THE SATIE PROJECT choreography by Serge Bennathan, with pianist Eve Egoyan. Presented by Dancemakers at the Premiere Dance Theatre (207 Queen's Quay West). Opens Tuesday (October 8) and runs to October 19, Tuesday-Saturday 8 pm. $21-$37.50. 416-973-4000.
French Composer Erik Satie hated choreographers. But that hasn't stopped Dancemakers' Serge Bennathan from creating a movement- and music-based work inspired by the guy.Bennathan's The Satie Project tries to capture the essence of the eccentric composer best known for his ballet Parade and his dreamy commercial- and soundtrack-friendly Gymnopedies.
"Satie didn't like dance to mime or exaggerate the music," says Bennathan. "He wanted the choreographer to create dance in silence, and then he would provide the music.

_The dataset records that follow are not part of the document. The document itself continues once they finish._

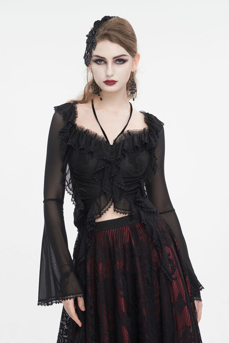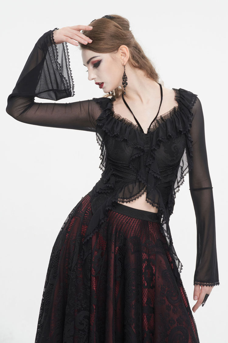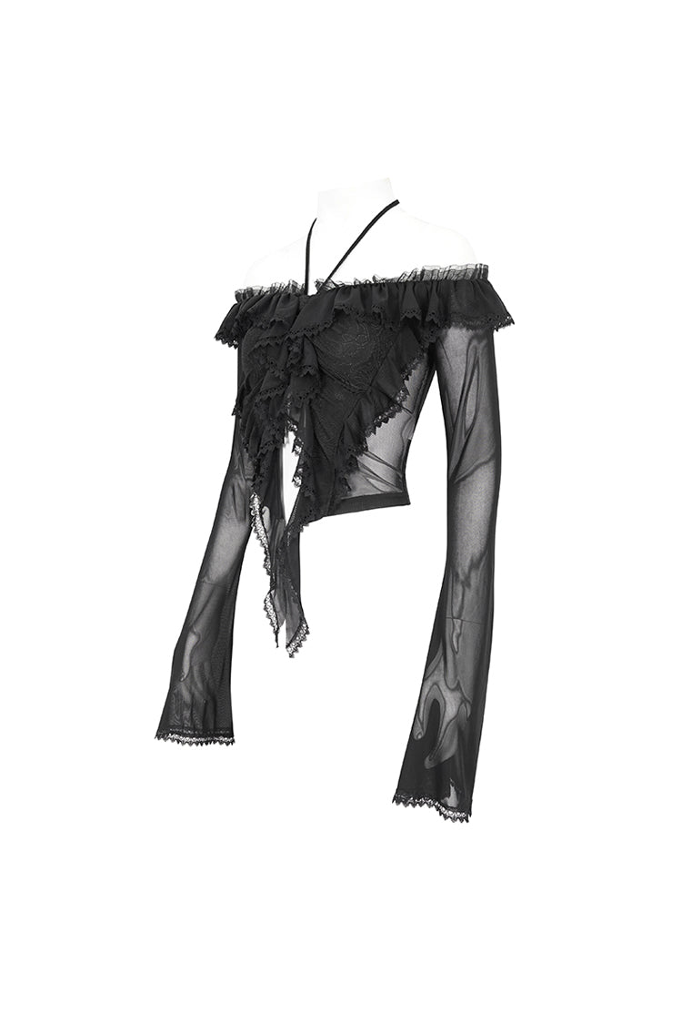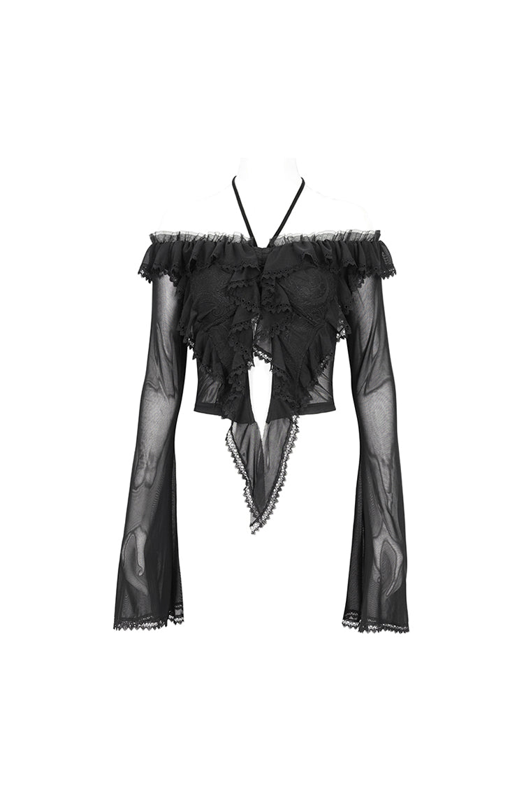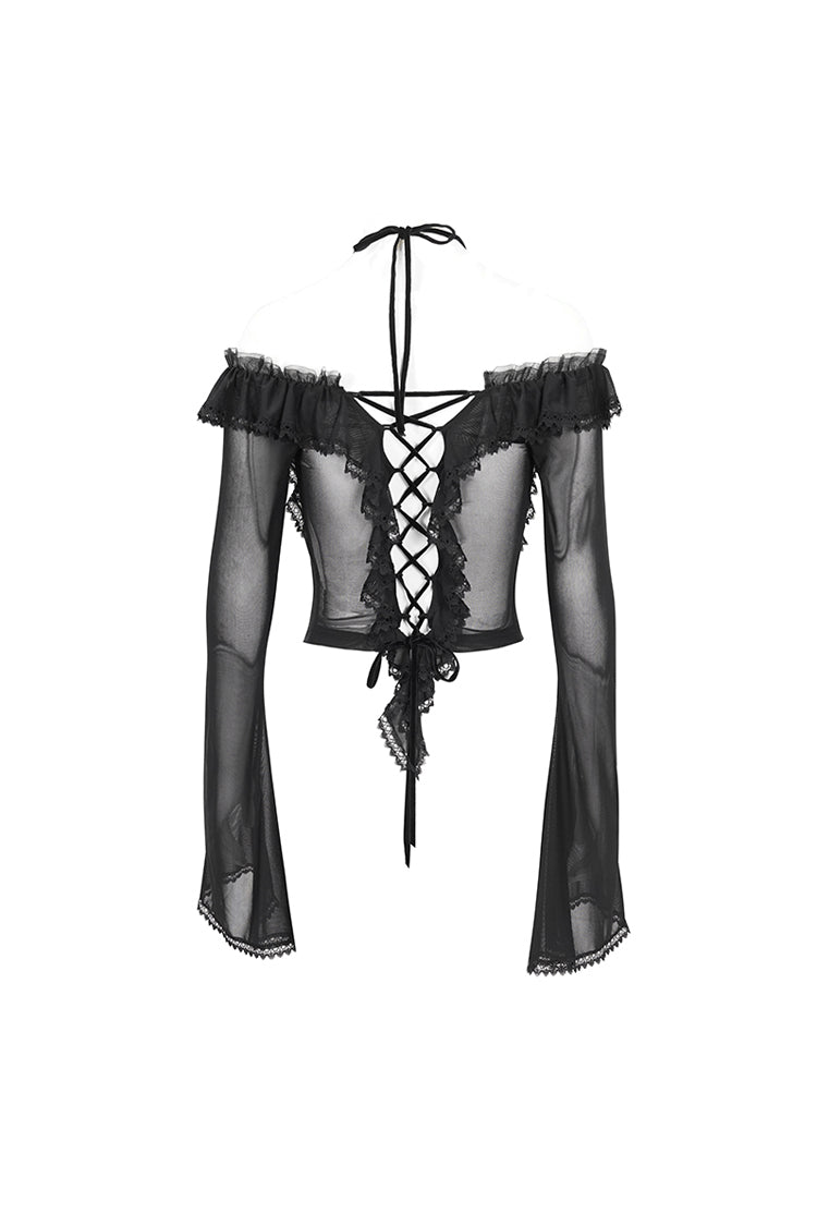 Cette chemise gothique est faite de tissu en maille. Elle a un col à volants, un col halter, un ourlet en dentelle et des manches évasées. Laçage dans le dos pour ajustement. Tissu super élastique et silhouette ajustée.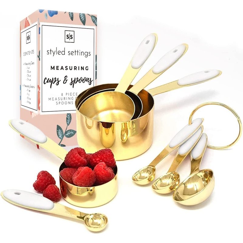 WHY BUY STYLED SETTINGS GOLD MEASURING CUPS AND SPOONS SET? We are a small, family-owned business, selling modern American designed high-end, quality food safe products. We take great pride in making sure your order is handled with care. If you ever have any questions or special requirements, let us know what you need and we'll make things right. COMPLIMENT YOUR PASSION FOR STYLE WITH RADIANT TOOLS IN YOUR KITCHEN Life is better with fresh baked cookies, on trend with gold measuring cups and spoons set made with resilient stainless steel are perfected in a radiant gold so you can show that dough who is boss. Part of our exclusive Kitchen to Table collection, designed by Styled Settings Gold measuring cups and gold measuring spoons each conveniently attach on a ring for easy access, great for hanging or easy stacking ability for efficient storage Made of sturdy stainless steel, with titanium coating - both top choices for food safety and durability in professional kitchens Hand wash and dry to maintain brilliance and beauty. PRECISE MEASUREMENT MARKINGS WILL NOT FADE The Styled Settings 8 piece kitchen measuring cups and spoons set consists of the following: ✔ 4 measuring cups- 1/4 cup, 1/2 cup, 1/3 cup and 1 cup ✔ 4 measuring spoons- 1/4 tsp, 1/2 tsp, 1 tsp and 1 tbsp QUALITY MATERIALS AND CRAFTSMANSHIP - Made of titanium-coated stainless steel. No need to be concerned about the longevity of this set due to the meticulous craftsmanship. The combination of stainless steel and titanium ensure a long lasting, food safe product. These two materials are amongst the top leading materials used in professional kitchens and even hospitals due the quality and safety of the materials for the human body. SOPHISTICATED AND ON-TREND, GLAM UP YOUR KITCHEN ADVENTURES, CHOOSE THIS 8-PIECE STAINLESS STEEL MEASURING SPOONS AND CUP SET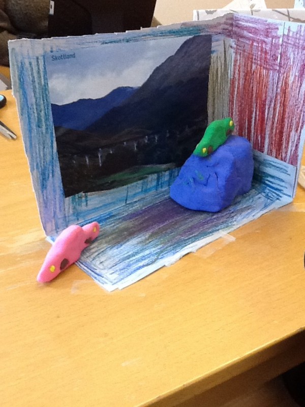 Sista momentet innan själva inspelningen är att skapa en miljö där animationen ska spelas in i.Två sidor och botten av en kartong används för att skapa kulissen. Från tidningar, färgpennor och färger dekorerades kulissen.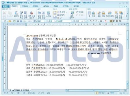 악성코드 감염 시 실행되는 ****모집내용 및 상관대우.hwp 파일은 정상파일으로 [그림 5]와 같이 제목과는 상관없는 신문광고 공개 입찰 내용과 광고 금액이 들어있다.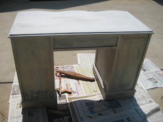 Cute little desk found on Freecycle with a small amount of damage that was easily corrected. Just because I'm a little bit proud of the color, I'm posting the pics before the project is finished. Is that a no no? Oh well, please forgive me :-) I just couldn't help myself!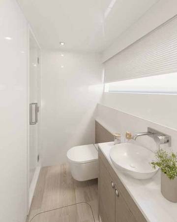 „Wir glauben, dass Nachhaltigkeit in Bezug auf Yachting über den solarelektrischen Antriebsstrang hinausgeht", sagt Designerin Juliana Miguel, die bei Silent-Yachts die kreative Leitung innehat. "Und wir wissen, dass es einen ganzheitlichen Ansatz in allen Bereichen benötigt, damit unsere Leidenschaft wirklich Hand in Hand mit der Natur funktioniert. Aus diesem Grund stützen wir unseren Ansatz auf drei Säulen: Design, Material und Betriebe“. Miguels Design-Team ist begeistert von Stahl-Emaille und den modernen Kaldewei-Waschtischen.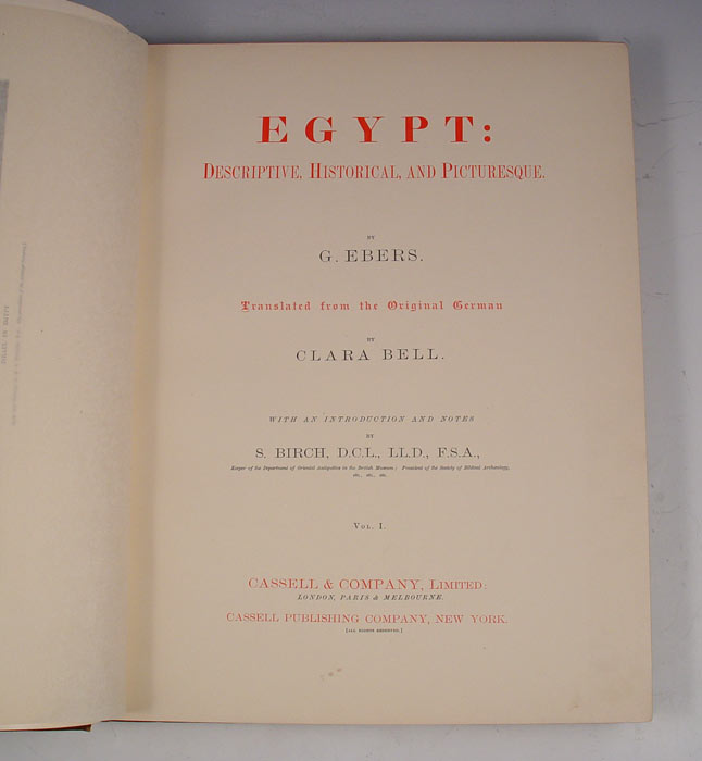 2 VOLUME PICTURESQUE EGYPT BOOKS BY G. EBERS: 2 volume set by G. Ebers, translated into English, published by Cassell Publishing Co. New York. Volumes measure 15'' x 12'' x 1 1/2''. Est. $300/500**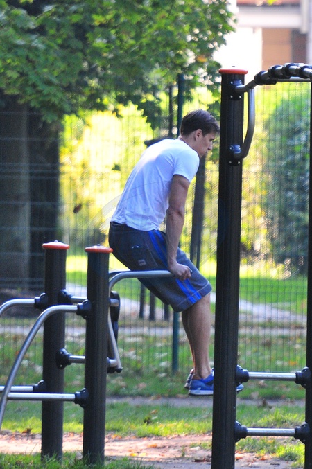Jaroslaw Bieniuk cwiczy na plenerowej silowni PAPARAZZI

Coincidentally, that's very much how I work."
The Satie Project came about because Bennathan was looking to work with Eve Egoyan, a pianist who specializes in contemporary works. When Egoyan added Satie to her repertoire, the choreographer was intrigued. He got even more interested after he began pouring through Satie's letters.
"When you discover the complexity of the man, you listen to his music differently," explains Bennathan.
"There's everything there: humour, depression, obsession. He was jailed because of something critical he wrote. He received a prestigious award not for his music but because he organized outings with children. He created his own church.
"My idea was not to do a piece on Satie, it was to do a piece with Satie."
Egoyan, raised on an island onstage, performs 21 short piano rarities, including Flabby Preludes (for a dog) and The Almond Chocolate Waltz.
"People will discover a Satie that they did not expect," says Bennathan.
The piece has already played in Ottawa and Vancouver, where Bennathan's movement was praised for its dreamy delicacy and fierce physicality. After Toronto, it travels to Europe.
If Satie were still alive -- he died in 1925 -- Bennathan thinks he would, above all, have fun at the show.
"Fun was an important notion for him. I think we'd go to a café afterwards, drink, discuss and laugh."